Solved: Internet bandwidth management using cisco devices

fahim · ‎07-18-2009

Hi all

I have a need to maintain an internal SLA with some of the clients that are sitting in our premises. They want reassurance that of the total 16MB leased internet link that we have to the cloud, a minimum of 4MB is assured to them at all times. I have a web gateway / proxy appliance that doesn't have such a functionality.

I also have ASA and 2800 routers at the edge. Can I do this using them in any way? What are my other 3rd party options?

Joseph W. Doherty · ‎07-20-2009

"When you define the class 'cust1', where do we pick the 'cust1' value from and the class contituents? "

That would be defined in a "class-map". Attributes you can match on are, depending on the platforms, an enhancement of ACLs (although ACLs can be part). Lots of information within the Cisco site - look for CBWFQ.

"Can I use my Windows Radius 802.1x (IAS) integratiion with my Router to define the AD groups within my router classes? "

Don't believe so, unless somehow you can AD groups tag packets. (Might be possible at the host level.)

"Unfortunately, the clients are spread much beyong the value of 4, they are about 50 and very dynamically changing within my AD groups."

As prior answer, AD relationship can be an issue. On issue of 50 groups, you can defined that many with CBWFQ (more actually), but the reason I noted 4, beyond 4 groups you can't guarantee all 50 groups might obtain 4 Mbps unless you have 50x that bandwidth. You might guarantee each group obtains an equal share of bandwidth.

View solution in original post

Joseph W. Doherty · ‎07-19-2009

I assume you have 4 or fewer internal customers, and if 4, there's no other bandwidth usage for "overhead" that would preclude your minimum bandwidth guarantee?

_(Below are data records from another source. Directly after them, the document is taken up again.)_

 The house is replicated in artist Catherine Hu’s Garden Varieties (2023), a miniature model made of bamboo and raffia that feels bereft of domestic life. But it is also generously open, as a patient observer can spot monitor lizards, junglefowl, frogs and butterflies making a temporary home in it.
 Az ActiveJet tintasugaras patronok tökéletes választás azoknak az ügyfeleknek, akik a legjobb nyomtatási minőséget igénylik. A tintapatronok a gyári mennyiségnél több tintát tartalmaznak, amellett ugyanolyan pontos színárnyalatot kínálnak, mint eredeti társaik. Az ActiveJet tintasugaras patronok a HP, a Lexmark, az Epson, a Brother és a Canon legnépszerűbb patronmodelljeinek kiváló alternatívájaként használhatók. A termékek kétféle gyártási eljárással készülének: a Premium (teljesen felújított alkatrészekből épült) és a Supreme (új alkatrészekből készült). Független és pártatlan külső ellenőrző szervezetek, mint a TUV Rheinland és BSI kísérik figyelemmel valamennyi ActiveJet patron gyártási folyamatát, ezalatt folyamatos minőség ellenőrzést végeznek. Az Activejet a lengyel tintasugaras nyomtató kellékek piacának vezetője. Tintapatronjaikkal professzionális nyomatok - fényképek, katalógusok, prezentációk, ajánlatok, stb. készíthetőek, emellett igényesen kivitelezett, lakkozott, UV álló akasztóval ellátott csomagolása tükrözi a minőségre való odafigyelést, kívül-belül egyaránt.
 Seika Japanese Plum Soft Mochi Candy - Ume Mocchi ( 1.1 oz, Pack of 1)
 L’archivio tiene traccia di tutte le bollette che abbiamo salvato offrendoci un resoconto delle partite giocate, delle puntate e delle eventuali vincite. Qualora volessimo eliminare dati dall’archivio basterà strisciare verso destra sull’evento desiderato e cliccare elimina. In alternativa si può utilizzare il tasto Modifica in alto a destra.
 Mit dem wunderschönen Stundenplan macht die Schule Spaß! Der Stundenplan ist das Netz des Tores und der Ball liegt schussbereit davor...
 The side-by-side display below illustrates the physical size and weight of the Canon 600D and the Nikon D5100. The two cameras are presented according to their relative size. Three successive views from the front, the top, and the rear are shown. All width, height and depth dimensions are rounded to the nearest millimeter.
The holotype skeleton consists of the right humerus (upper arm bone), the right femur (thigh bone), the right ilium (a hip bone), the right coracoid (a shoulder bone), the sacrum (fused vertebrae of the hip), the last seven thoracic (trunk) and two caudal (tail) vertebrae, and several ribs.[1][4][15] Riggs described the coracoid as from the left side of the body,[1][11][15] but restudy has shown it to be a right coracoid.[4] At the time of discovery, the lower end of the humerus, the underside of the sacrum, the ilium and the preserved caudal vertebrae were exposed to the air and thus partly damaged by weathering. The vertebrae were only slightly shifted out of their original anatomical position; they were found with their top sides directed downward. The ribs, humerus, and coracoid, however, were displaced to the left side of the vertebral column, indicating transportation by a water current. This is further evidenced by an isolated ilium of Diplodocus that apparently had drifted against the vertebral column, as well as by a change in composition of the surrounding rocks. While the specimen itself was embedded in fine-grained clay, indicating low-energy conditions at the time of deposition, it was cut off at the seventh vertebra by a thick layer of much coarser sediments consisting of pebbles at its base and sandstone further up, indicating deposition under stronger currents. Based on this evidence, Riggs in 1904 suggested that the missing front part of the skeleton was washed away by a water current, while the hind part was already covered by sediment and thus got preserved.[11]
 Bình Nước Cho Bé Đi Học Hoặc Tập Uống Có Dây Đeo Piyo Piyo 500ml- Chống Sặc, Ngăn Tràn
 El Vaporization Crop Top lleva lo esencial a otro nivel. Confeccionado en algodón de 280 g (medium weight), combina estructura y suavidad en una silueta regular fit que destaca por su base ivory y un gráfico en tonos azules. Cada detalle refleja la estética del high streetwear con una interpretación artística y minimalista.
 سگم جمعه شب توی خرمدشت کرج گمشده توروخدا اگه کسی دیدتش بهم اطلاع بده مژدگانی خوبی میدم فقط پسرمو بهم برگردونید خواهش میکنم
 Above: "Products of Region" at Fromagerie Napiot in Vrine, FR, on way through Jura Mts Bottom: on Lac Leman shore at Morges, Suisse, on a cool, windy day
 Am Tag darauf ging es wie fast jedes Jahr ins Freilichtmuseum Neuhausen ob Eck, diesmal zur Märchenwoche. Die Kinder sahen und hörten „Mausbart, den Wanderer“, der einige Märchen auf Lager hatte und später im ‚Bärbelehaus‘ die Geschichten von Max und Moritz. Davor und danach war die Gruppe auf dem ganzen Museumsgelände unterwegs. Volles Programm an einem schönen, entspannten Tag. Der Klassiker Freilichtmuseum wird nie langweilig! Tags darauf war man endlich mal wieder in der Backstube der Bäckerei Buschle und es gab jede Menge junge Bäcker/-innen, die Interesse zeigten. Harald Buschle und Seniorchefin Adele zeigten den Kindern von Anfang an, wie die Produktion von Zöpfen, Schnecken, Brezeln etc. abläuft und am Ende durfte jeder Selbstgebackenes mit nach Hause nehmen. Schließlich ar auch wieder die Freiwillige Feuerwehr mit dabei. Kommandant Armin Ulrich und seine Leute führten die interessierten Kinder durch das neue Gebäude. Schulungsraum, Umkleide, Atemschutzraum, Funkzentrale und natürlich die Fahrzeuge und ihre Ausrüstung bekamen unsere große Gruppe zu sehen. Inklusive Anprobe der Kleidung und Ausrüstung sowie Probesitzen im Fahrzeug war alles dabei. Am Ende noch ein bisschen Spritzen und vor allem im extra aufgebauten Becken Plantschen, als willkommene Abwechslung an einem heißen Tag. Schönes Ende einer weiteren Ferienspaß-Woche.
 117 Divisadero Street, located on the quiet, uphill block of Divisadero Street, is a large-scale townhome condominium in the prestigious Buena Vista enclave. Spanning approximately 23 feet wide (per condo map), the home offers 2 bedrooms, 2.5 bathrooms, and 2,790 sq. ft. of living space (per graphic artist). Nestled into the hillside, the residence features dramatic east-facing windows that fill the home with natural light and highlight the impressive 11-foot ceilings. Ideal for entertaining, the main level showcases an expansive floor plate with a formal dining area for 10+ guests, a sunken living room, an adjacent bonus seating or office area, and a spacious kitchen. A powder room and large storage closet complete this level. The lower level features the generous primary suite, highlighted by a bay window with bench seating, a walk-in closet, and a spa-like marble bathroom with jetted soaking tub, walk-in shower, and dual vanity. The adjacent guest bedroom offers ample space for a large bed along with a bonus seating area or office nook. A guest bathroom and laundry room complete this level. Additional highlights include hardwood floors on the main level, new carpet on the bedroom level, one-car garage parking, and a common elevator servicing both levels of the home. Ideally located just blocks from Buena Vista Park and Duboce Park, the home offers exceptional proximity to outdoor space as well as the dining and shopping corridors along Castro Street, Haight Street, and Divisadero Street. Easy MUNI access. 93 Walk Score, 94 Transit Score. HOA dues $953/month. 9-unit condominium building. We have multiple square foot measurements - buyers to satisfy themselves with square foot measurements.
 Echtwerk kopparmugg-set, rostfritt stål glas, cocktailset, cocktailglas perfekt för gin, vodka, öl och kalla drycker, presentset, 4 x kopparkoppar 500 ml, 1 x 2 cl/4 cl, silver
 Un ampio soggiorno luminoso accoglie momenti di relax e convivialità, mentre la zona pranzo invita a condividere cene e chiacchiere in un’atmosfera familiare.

If you can easily identify the traffic per customer, a 2800 (powerful enough model to support 16 Mbps duplex) could use a CBWFQ policy to deliver part of such a guarantee (for outbound traffic).

e.g.

policy-map sample

class cust1

bandwidth 4000000

class cust2

bandwidth 4000000

class cust3

bandwidth 4000000

class cust4

bandwidth 4000000

You also need to change max reserved bandwidth on the outbound interface.

2800 can not provide what you've described, i.e. minimum 4 MB(bs), inbound.

I'm unfamilar with the ASAs, but suspect they might be unable to provide for your requirement.

As to 3rd party, products such as Packeteer's PacketShaper (and their competitors) might meet your requirement.

fahim · ‎07-19-2009

Thanks Joseph!

When you define the class 'cust1', where do we pick the 'cust1' value from and the class contituents?

Can I use my Windows Radius 802.1x (IAS) integratiion with my Router to define the AD groups within my router classes?

Unfortunately, the clients are spread much beyong the value of 4, they are about 50 and very dynamically changing within my AD groups.

Joseph W. Doherty · ‎07-20-2009

"When you define the class 'cust1', where do we pick the 'cust1' value from and the class contituents? "

That would be defined in a "class-map". Attributes you can match on are, depending on the platforms, an enhancement of ACLs (although ACLs can be part). Lots of information within the Cisco site - look for CBWFQ.

"Can I use my Windows Radius 802.1x (IAS) integratiion with my Router to define the AD groups within my router classes? "

Don't believe so, unless somehow you can AD groups tag packets. (Might be possible at the host level.)

"Unfortunately, the clients are spread much beyong the value of 4, they are about 50 and very dynamically changing within my AD groups."

As prior answer, AD relationship can be an issue. On issue of 50 groups, you can defined that many with CBWFQ (more actually), but the reason I noted 4, beyond 4 groups you can't guarantee all 50 groups might obtain 4 Mbps unless you have 50x that bandwidth. You might guarantee each group obtains an equal share of bandwidth.